Principal Rusty Sowell said the high school will have a graduation ceremony for its 2020 graduates, but that it must follow the law in doing so. Rumors that there will be no CCHS graduation ceremony this year are false.

“We want to honor our graduates as much as possible, but we have to follow the rules we’ve been given,” Sowell said.

In the meantime, a group of teachers, students and their families, civic clubs, and businesses have had signs printed with each graduate’s senior photo and lined the front entrance to the high school with the signs.

“A teacher came to us with this idea and immediately we thought, ‘yes let’s do this’,” Sowell said.

There are 277 graduates in Crisp County High’s Class of 2020. Of those 277, 66 are honor graduates – the highest number of honor graduates during Sowell’s tenure at CCHS.

Sowell, who was also a finalist for Georgia’s Principal of the Year, says the credit goes to his faculty, staff, and students.

“When things get tough, it’s amazing how people come together.
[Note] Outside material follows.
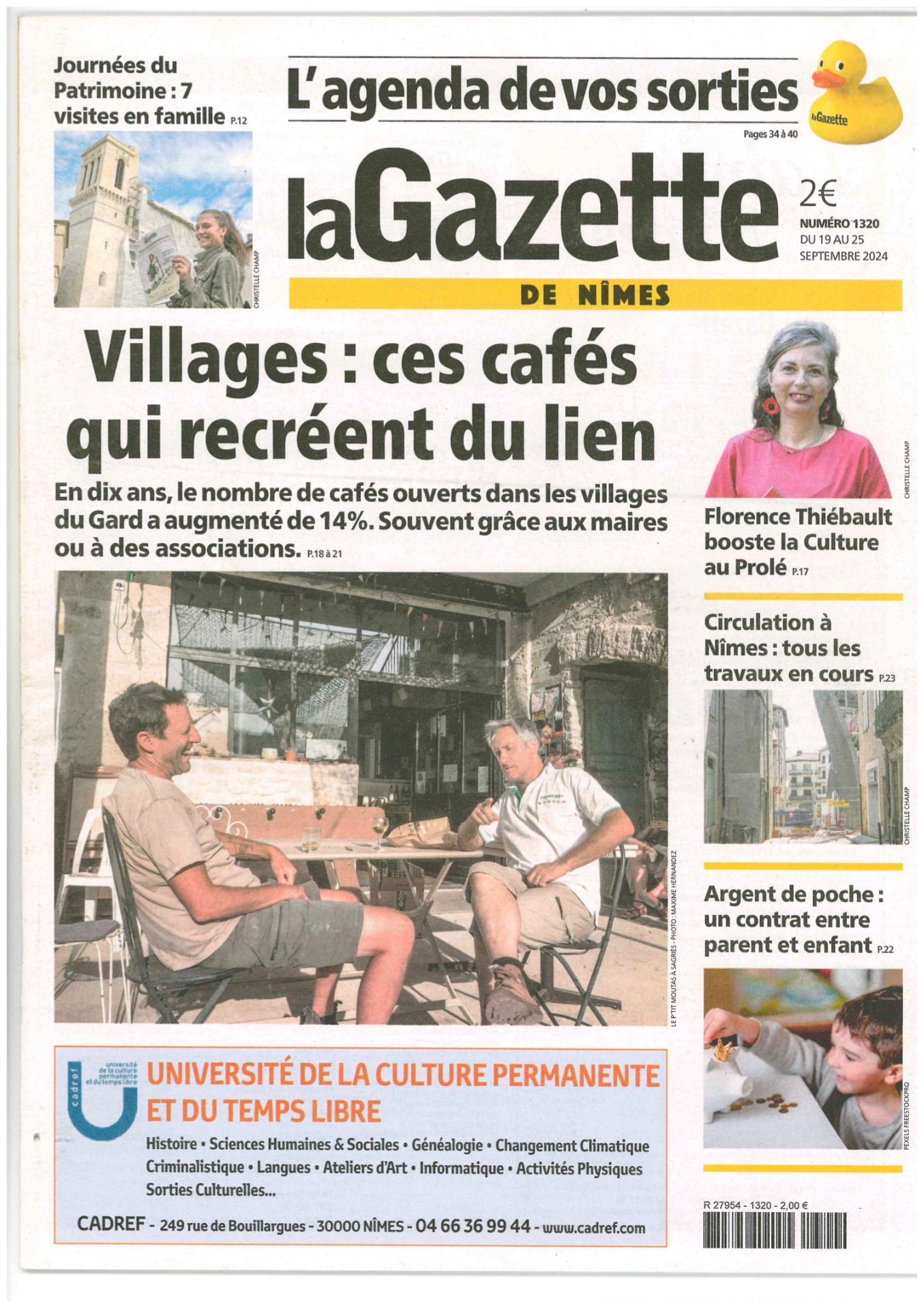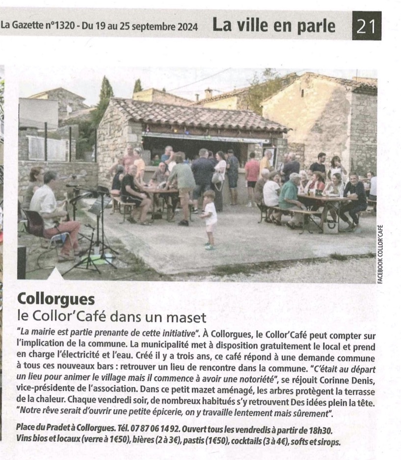 C'était la "une" de la Gazette de Nîmes, il y a quelques mois. Alors que les deux tiers des villages français n'ont plus de bistrot, on voit rouvrir aujourd'hui, grâce à la volonté des mairies ou des associations, des cafés de villages qui oeuvrent pour rétablir un lien social. "Ce sont des lieux où les générations se mélangent, où l'on peut se retrouver, discuter, échanger", écrit le journal, en constatant que sept nouveaux cafés ont ouvert ainsi leurs portes dans le Gard, dont le nôtre, Collor'Café, à Collorgues (Cf. notre rubrique On parle de nous)

Everybody is pulling their weight and then some,” Sowell said, noting that teachers reacted quickly and proactively when it became evident that in-class instruction would not resume this year.
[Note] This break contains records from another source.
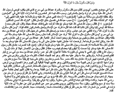 He also reported from al-Baidawî commenting on the the verse 6:93 that the reason that triggered apostasy of cAbdullâh Ibn Sâd Ibn Abî Sarh was the revelation of the verse 23:12. The following is the translation of Baidawî's report proposed by the critic: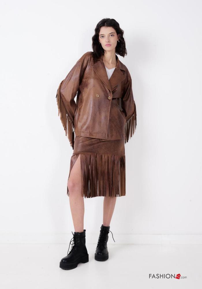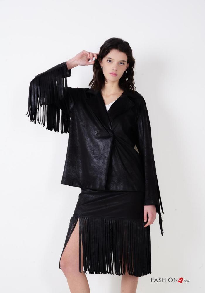 Cappotto ecopelle maniche lunghe con bottoni con frange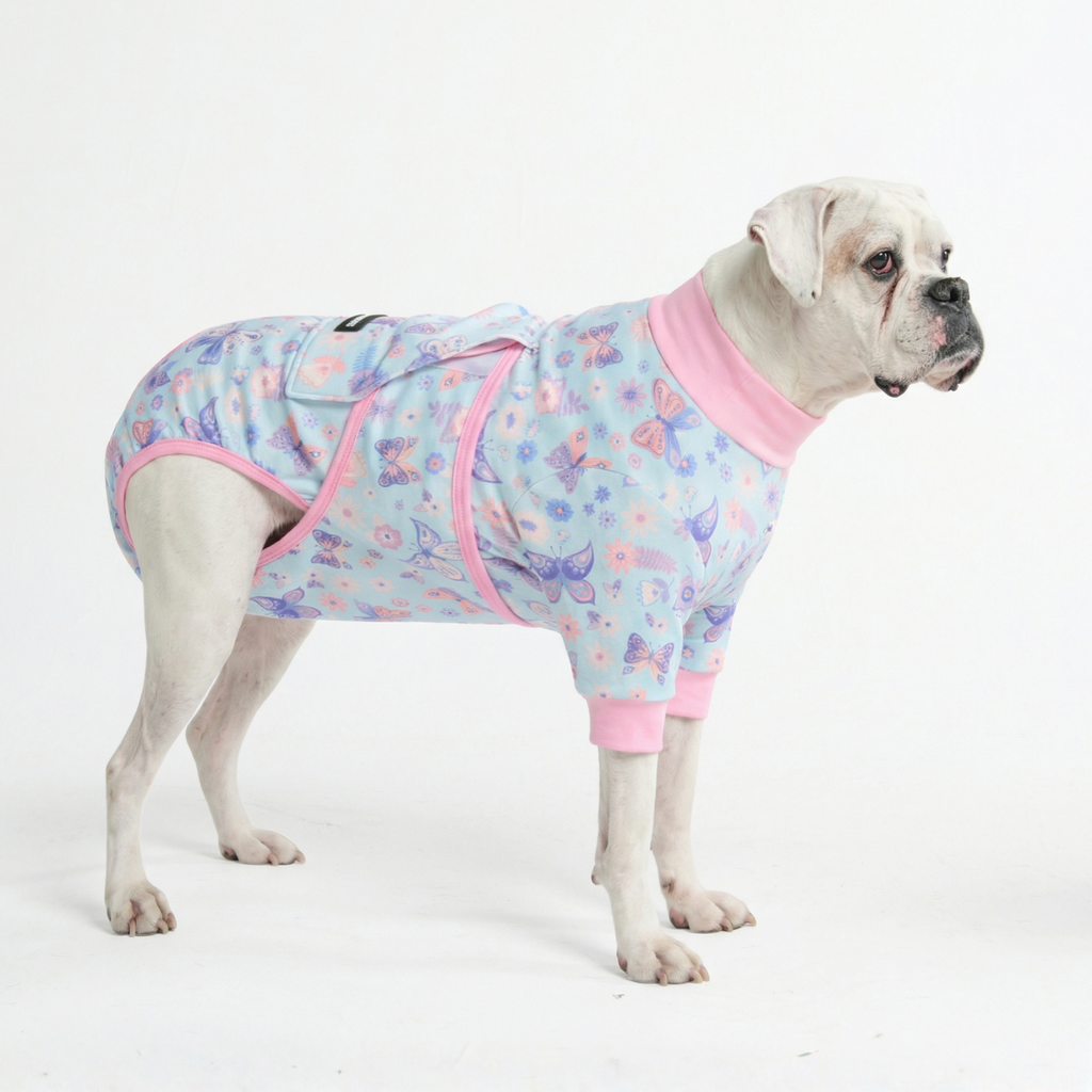 Olvida el „collar de la vergüenza“ para una recuperación más cómoda y sin estrés. Nuestro body quirúrgico proporciona una barrera suave y segura que protege las heridas mientras permite que tu perro se mueva, coma y duerma con normalidad.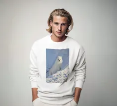 Questo disegno minimalista mostra un cane bianco in piedi in un paesaggio invernale candido. La palette di colori ridotta e la composizione chiara creano un'estetica moderna e rilassante, perfetta per gli amanti degli animali e per gli appassionati di arte elegante. Che si tratti di un murale, di una tazza, di una cover per cellulare o di un cuscino, questo motivo porta la tranquilla bellezza dell'inverno e l'eleganza dei motivi animali in ogni casa.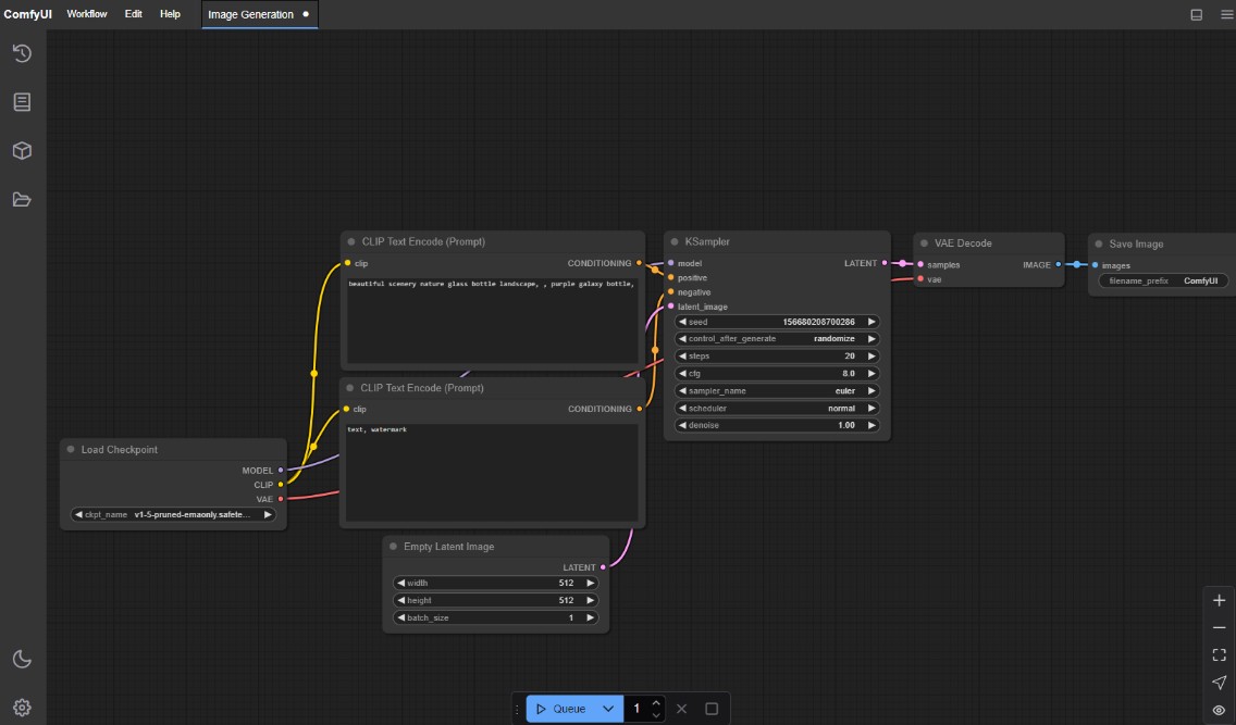Una de sus mayores fortalezas es su sistema de flujo de trabajo basado en gráficos, que permite organizar los distintos pasos de la generación de imágenes como nodos interconectados.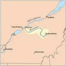 The Bécancour takes its source from the lake of the same name in the town of Thetford Mines, in the Chaudière-Appalaches region. It flows west into William Lake at Saint-Ferdinand, changes course northwards towards Inverness, turning westward there and continuing to flow west across the Centre-du-Québec region for most of its length. The river takes a turn northwestward at Saint-Wenceslas, finally emptying into the Saint Lawrence River near the heart of the city of Bécancour.[1]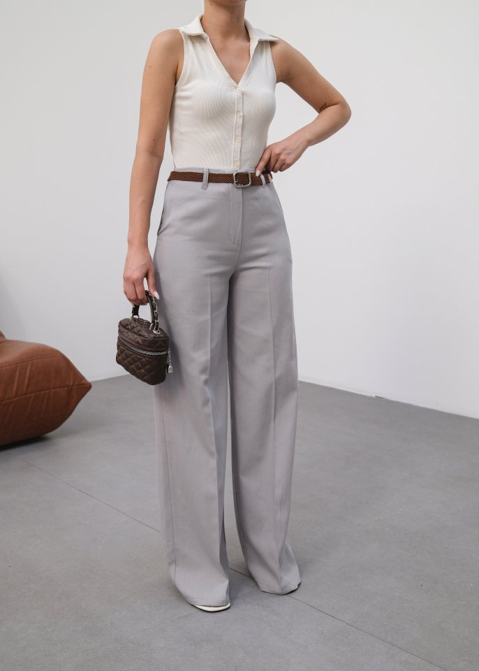 Keten Kemerli̇ Ve Dökümlü Palazzo Pantolon (Kemer Dahi̇l)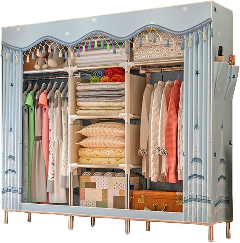 Wardrobe Portable Canvas Wardrobes, Foldable Closet, Closet Storage Organizer with Hanging Rail, Fabric Cover for Clothes, Bags, Shoes,B-168x46x172cm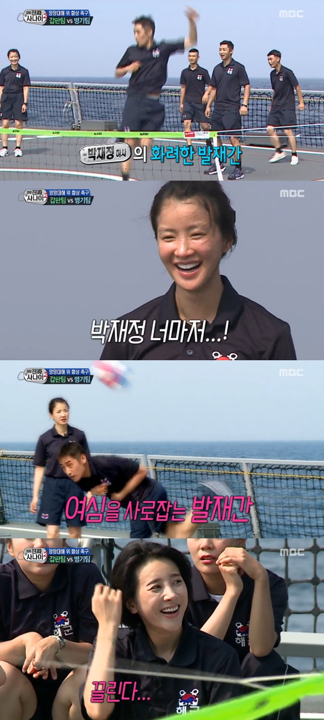 박재정은 발군의 족구실력에 이태성은 “세탁팍트로(?) 수준이다”라며 칭찬했고, 여군들 역시 뜨거운 환호로 응원했다. 입대 후 박재정의 가장 화려한 순간이었다.

“The teachers have been team players since the beginning, and they’ve kept their relationships with their students going throughout this ordeal. Our teachers are in weekly – and in some cases daily – contact with students either by phone or on the computer, but they still miss the students and the classroom,” said CCHS Assistant Principal Leah Slimp.

“We were able to migrate our courses from the classroom to online in literally 48 hours,” added CCHS Instructional Coach Tara Peavy-Shurley. “Our teachers have done a phenomenal job of being there for the students, even though they can’t be in the classroom together, and they have been there for their kids at all hours of the day and night, including the weekends, to work with them emotionally as well as academically.”

Sowell said there are a number of unsung heroes who have gone above and beyond the call of duty outside of the instructional programs at the high school, too.

“It’s amazing what has gone on behind the scenes. Our custodians and support staff? You can’t thank them or praise them enough,” Sowell said. “Our health and occupation teachers were here everyday screening employees for COVID. They didn’t have to do that, but we asked and they answered the call.”

The Cordele Dispatch will follow up on this story once CCHS’s 2020 graduation plans, including a date, have been formalized.